EXERCISE INPUTS.

════════════════════

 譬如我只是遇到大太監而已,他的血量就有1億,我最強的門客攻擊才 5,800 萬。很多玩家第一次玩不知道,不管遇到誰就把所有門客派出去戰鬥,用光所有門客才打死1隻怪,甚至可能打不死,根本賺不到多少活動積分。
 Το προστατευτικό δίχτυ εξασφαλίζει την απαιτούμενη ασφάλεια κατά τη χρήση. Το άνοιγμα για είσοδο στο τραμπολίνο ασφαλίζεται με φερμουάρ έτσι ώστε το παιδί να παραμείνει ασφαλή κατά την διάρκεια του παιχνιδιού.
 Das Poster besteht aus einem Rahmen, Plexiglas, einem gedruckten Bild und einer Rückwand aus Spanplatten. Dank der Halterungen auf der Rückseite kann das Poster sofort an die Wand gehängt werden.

════════════════════

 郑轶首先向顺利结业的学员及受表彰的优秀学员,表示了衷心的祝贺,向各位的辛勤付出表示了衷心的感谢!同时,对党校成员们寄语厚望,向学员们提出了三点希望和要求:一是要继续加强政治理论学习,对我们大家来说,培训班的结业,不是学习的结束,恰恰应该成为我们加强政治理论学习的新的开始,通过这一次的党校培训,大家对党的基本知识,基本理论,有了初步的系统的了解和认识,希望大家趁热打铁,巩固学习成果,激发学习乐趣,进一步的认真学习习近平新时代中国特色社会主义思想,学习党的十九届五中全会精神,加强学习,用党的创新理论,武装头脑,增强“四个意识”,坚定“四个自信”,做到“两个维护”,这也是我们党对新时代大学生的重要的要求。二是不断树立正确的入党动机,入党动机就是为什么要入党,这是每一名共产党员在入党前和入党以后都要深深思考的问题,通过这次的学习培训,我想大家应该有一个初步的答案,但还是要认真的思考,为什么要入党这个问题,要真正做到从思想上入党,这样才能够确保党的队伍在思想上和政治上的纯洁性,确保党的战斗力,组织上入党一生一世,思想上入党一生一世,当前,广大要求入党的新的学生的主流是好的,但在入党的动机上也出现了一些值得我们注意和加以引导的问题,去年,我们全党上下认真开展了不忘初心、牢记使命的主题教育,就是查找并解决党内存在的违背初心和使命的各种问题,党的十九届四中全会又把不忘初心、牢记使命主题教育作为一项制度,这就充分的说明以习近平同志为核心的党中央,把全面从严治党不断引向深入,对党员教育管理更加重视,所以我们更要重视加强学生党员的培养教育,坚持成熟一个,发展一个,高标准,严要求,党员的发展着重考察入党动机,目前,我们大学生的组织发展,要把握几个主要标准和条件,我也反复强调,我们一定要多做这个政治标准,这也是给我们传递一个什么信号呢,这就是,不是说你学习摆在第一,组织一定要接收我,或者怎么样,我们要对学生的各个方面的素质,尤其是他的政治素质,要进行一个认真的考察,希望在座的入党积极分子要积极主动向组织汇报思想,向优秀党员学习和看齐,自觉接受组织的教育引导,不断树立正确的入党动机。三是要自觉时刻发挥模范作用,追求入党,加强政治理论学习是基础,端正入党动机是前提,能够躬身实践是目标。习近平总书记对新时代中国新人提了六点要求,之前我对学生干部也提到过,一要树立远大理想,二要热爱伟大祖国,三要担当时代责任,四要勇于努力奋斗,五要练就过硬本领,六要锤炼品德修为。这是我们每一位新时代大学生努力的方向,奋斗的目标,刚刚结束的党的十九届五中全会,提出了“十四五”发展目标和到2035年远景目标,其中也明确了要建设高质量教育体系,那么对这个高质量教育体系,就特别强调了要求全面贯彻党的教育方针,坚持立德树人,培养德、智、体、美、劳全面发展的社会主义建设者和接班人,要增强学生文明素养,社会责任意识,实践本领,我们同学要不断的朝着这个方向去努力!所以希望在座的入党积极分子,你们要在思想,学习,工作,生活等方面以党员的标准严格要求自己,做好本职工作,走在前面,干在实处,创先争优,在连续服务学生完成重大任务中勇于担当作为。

════════════════════

ASSIGNMENT.
Using the entries shown above, reproduce verbatim the lines from the line bearing "Το προστατευτικό δίχτυ" to the line bearing "Das Poster besteht", inclusive.

RESULT OF THIS TASK.
 Το προστατευτικό δίχτυ εξασφαλίζει την απαιτούμενη ασφάλεια κατά τη χρήση. Το άνοιγμα για είσοδο στο τραμπολίνο ασφαλίζεται με φερμουάρ έτσι ώστε το παιδί να παραμείνει ασφαλή κατά την διάρκεια του παιχνιδιού.
 Das Poster besteht aus einem Rahmen, Plexiglas, einem gedruckten Bild und einer Rückwand aus Spanplatten. Dank der Halterungen auf der Rückseite kann das Poster sofort an die Wand gehängt werden.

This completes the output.